Accustomed to having free run of the Third Street Promenade, Katrina will soon be tethered in a performance zone, with a $120 license affixed to her baggy clown suit. She will only be able to work the movie lines with the forbearance of the enforcers of a new law aimed at imposing order on the chaotic street-performer scene at the Promenade.
“This is not good for me,” Katrina, whose civilian name is Kathryn Mara, told the Santa Monica City Council Tuesday night. “What is wrong with . . . me being in front of the theaters?”
What is wrong, as it has often been at the Promenade, is that there’s too much of a good thing. Street performers block store entrances, clog pedestrian passageways and toot their horns in the ears of captive outdoor diners.
Teasers owner Tony Palermo, who is president of the Promenade restaurant association, said he gets comments from customers that say, “I didn’t come here to hear a saxophone six feet from my table.”
But neither Palermo, nor anyone else involved, wants to completely discourage street performers who, everyone agrees, play a critical role in the Promenade’s festive environment.
After countless meetings, more than a year of study and guided tours of the area for council members, a plan was developed to license the performers and limit them to a rotating schedule in large performance zones in the middle of each block. (The zones are quite large--at least half of each block.)
Performers must stay 100 feet away from each other and 20 feet away from businesses, (prompting Katrina’s lament about movie lines.) Noise must be kept within prescribed decibel levels determined after a consultant surveyed the area.
Violating these or other guidelines could result in fines of up to $250. Three-time offenders will have their $120-a-year license yanked.
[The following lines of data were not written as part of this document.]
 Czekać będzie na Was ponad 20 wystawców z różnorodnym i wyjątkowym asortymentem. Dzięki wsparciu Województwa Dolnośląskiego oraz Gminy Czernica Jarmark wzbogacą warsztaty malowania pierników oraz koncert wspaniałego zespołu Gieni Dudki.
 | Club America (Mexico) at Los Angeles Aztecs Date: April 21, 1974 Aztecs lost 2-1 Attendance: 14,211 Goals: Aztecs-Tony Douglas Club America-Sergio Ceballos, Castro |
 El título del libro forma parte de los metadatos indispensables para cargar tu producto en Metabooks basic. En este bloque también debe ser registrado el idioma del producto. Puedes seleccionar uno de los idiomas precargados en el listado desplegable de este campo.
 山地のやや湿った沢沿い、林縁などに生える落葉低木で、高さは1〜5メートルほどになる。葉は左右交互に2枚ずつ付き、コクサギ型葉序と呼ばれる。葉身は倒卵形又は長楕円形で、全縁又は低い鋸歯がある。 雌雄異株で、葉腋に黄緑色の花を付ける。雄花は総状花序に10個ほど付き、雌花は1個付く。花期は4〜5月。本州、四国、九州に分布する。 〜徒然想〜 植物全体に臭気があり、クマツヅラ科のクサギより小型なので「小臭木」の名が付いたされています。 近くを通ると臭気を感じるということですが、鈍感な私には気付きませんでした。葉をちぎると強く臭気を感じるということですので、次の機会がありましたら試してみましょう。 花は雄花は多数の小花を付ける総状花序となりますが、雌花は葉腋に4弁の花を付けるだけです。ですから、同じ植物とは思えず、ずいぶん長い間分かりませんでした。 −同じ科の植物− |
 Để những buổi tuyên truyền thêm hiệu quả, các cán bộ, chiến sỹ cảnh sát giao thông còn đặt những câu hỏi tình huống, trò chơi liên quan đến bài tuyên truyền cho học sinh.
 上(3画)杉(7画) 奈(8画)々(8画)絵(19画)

The guidelines will be enforced by the Police Department and by employees of the Bayside District Corp., the agency that runs the Promenade.
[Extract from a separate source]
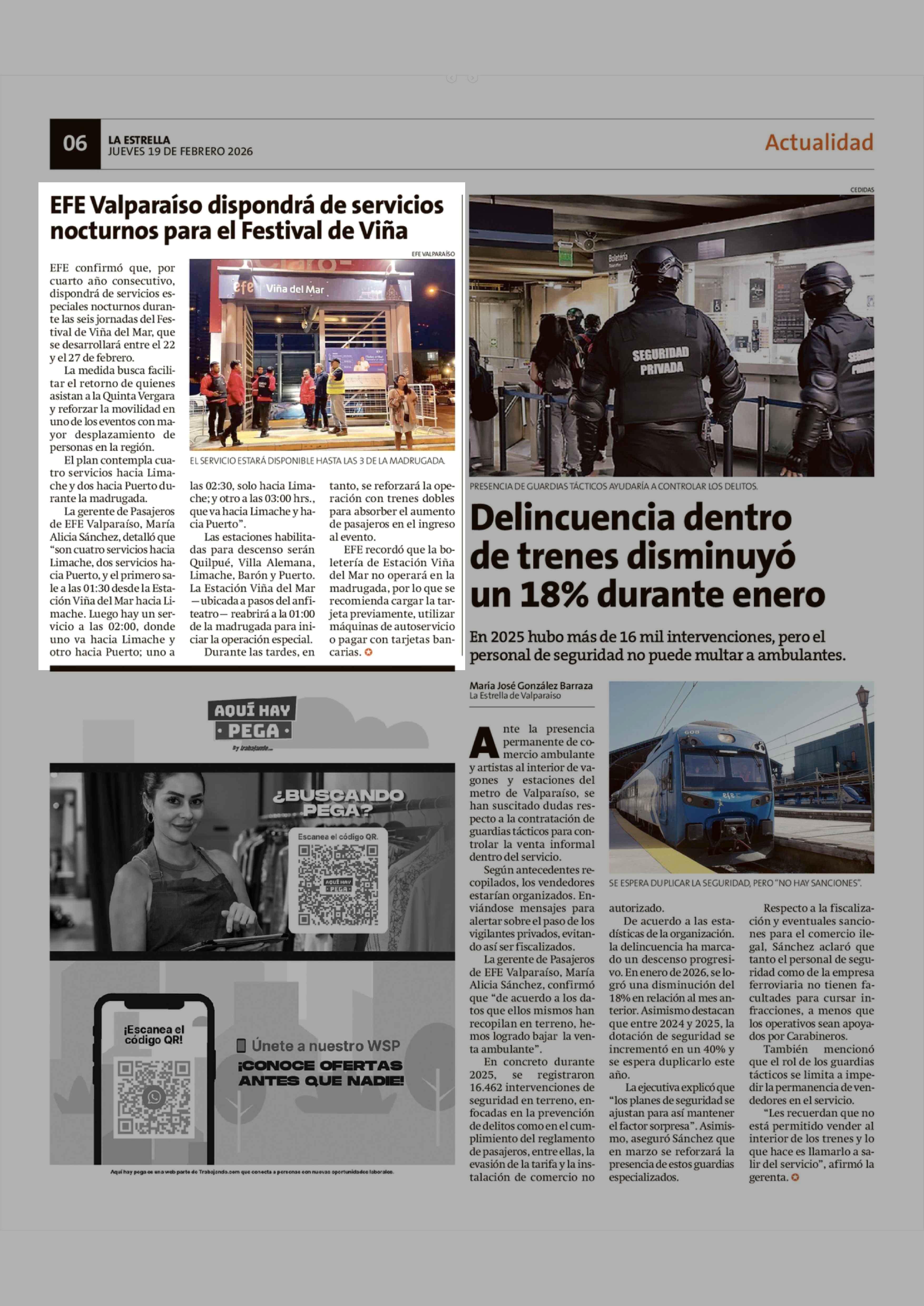 EFE Valparaíso dispondrá de servicios nocturnos para el Festival de Viña 19-02-2026 La Estrella de Valparaíso |

The council passed the guidelines unanimously, a departure from the impassioned debate two years ago when the first guidelines were passed amid concern about the free-speech rights to perform in public.
The constitutionality of licensing the performers came up again Tuesday, as law professor Richard Solomon, the attorney for the performers, warned the council members that they were making a “fatal mistake.”
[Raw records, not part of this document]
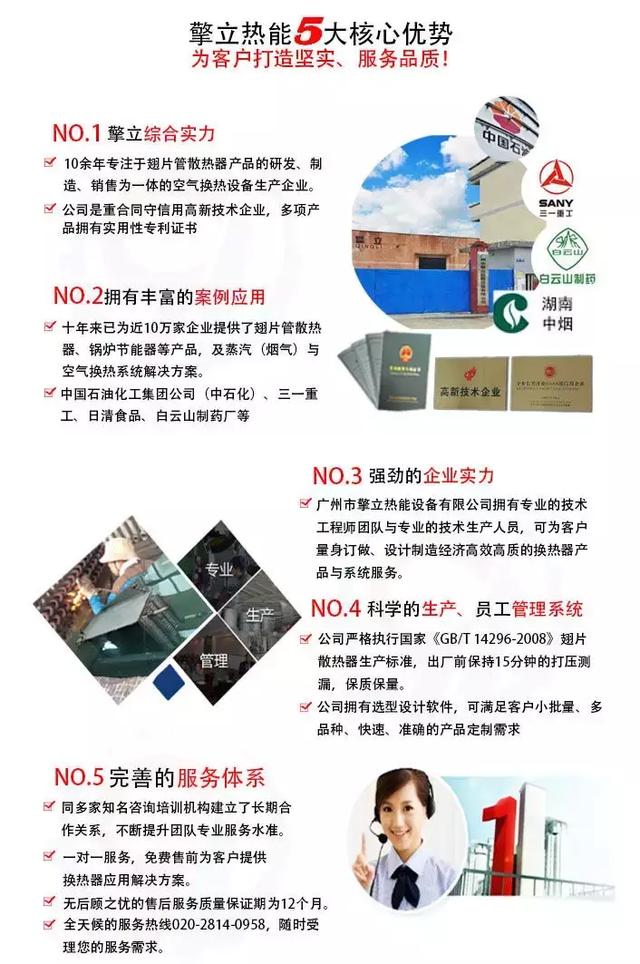 廣州市擎立熱能機(jī)械設(shè)備有限公司是一家集設(shè)計(jì)開發(fā)、生產(chǎn)、銷售為一體,專業(yè)生產(chǎn)非標(biāo)熱交換器且多項(xiàng)產(chǎn)品擁有實(shí)用型專利的高新技術(shù)型企業(yè)。公司位于廣州花都,占地面積10000+平方,擁有先進(jìn)的現(xiàn)代化設(shè)備和一流的技術(shù)力量,專業(yè)設(shè)計(jì)與生產(chǎn)翅片管散熱器,余熱回收,鍋爐節(jié)能器,表冷器,蒸發(fā)器,冷凝器,換熱器,各種規(guī)格翅片管等換熱設(shè)備。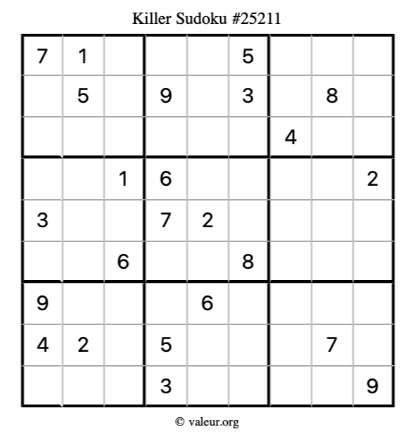Here is our printable Killer Sudoku Puzzle #25211. You are welcome to print a copy for yourself and solve it the old-fashioned way with a pencil and an eraser!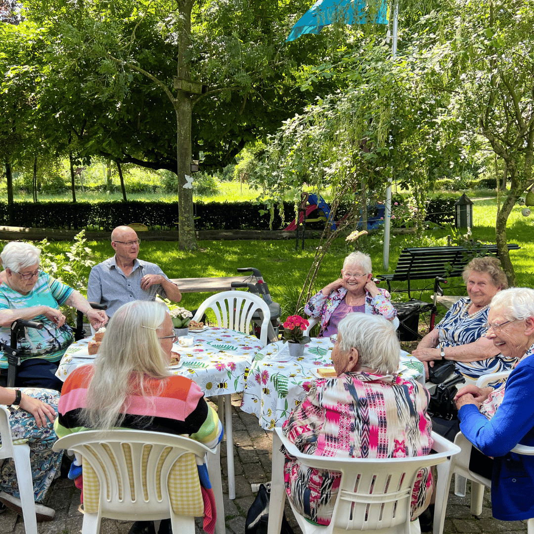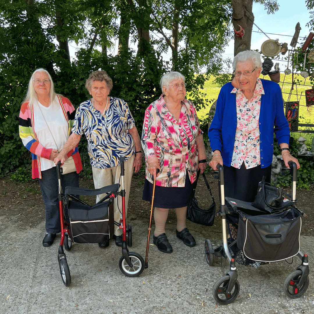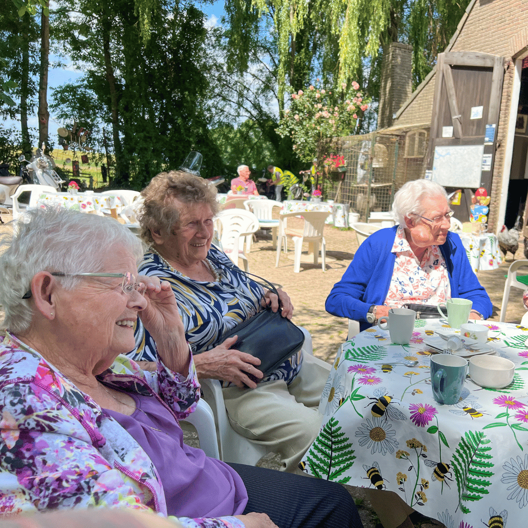 “Onlangs hebben we met een groep een klein cafeetje bezocht in Keent. Het feest begon al in de bus! We gingen via een toeristische route, door een natuurgebied mét Nederlandse Schlager muziek op de radio. Eenmaal op het terras genoten we samen van lekkere appeltaart met koffie. Er was ook een museum met huishoudelijke apparatuur uit de jaren 60, wat veel herinneringen opriep. Het was een geweldige dag waarbij we samen veel hebben gelachen.”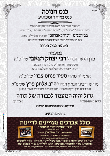 דרשת מרן הגאון רבינו יצחק רצאבי שליט"א - פוסק עדת תימן, שנמסרה במסגרת "כנס חנוכה" שנערכה ע"י עמותת "הוד שבחסד" ביום שלישי בערב - ליל נר שלישי - כ"ו כסלו ה'תשע"ט, בבית הכנסת "זכור לאברהם" רח' הרב גמליאל 1 גדרה. יישר כוח למארגן ראש הכולל הרב ליאור צברי שליט"א. שאלות ותשובות בענייני חנוכה - לאחר הדרשה.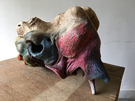 materials. Sculpting by direct carving, I try to establish a relationship between mental images and the sculpted matter. The skin, the bones, the organs represent a place where I can modify space, change the points of view, weave links, combine the inside and the outside as a whole. I tend to mix and push the limits of figuration to question what I think I know, starting from existing materials that already have a form, from a past existence. Like a subjectivity that spilts up and finds an alterity in a volume, allowing it to inhabit a place and a space. It is also a way to find an inking through sculpture that make visible and palpable a trace, a memory, a reminiscence.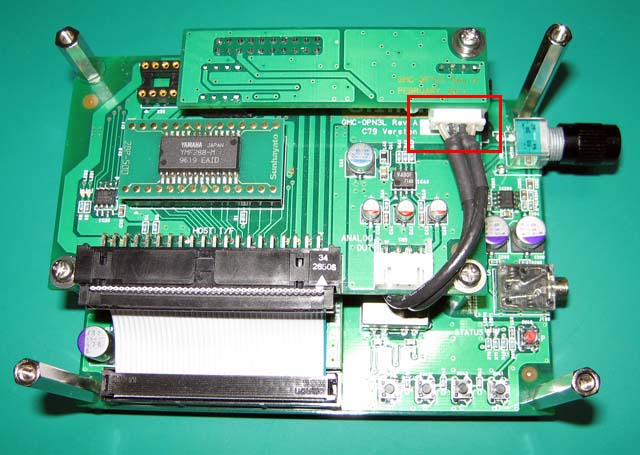 一緒にOPN3モジュール右端に装着されている4ピンコネクタを抜き、DAC基板に装着しておきます。

“Their form of communication is protected by the First Amendment,” Solomon said.
Mayor Judy Abdo, one of those who has, in the past, balked at regulating performers, said she had expected to do so again, but found the new guidelines acceptable.
“This looks like a pragmatic ordinance geared to our Promenade,” Abdo said.
The plight of the wandering clown Katrina drew sympathy from Councilman Paul Rosenstein. He was assured by the director of the Bayside District that there was leeway in enforcing the guidelines. So Katrina might not have to worry about being a scofflaw after all.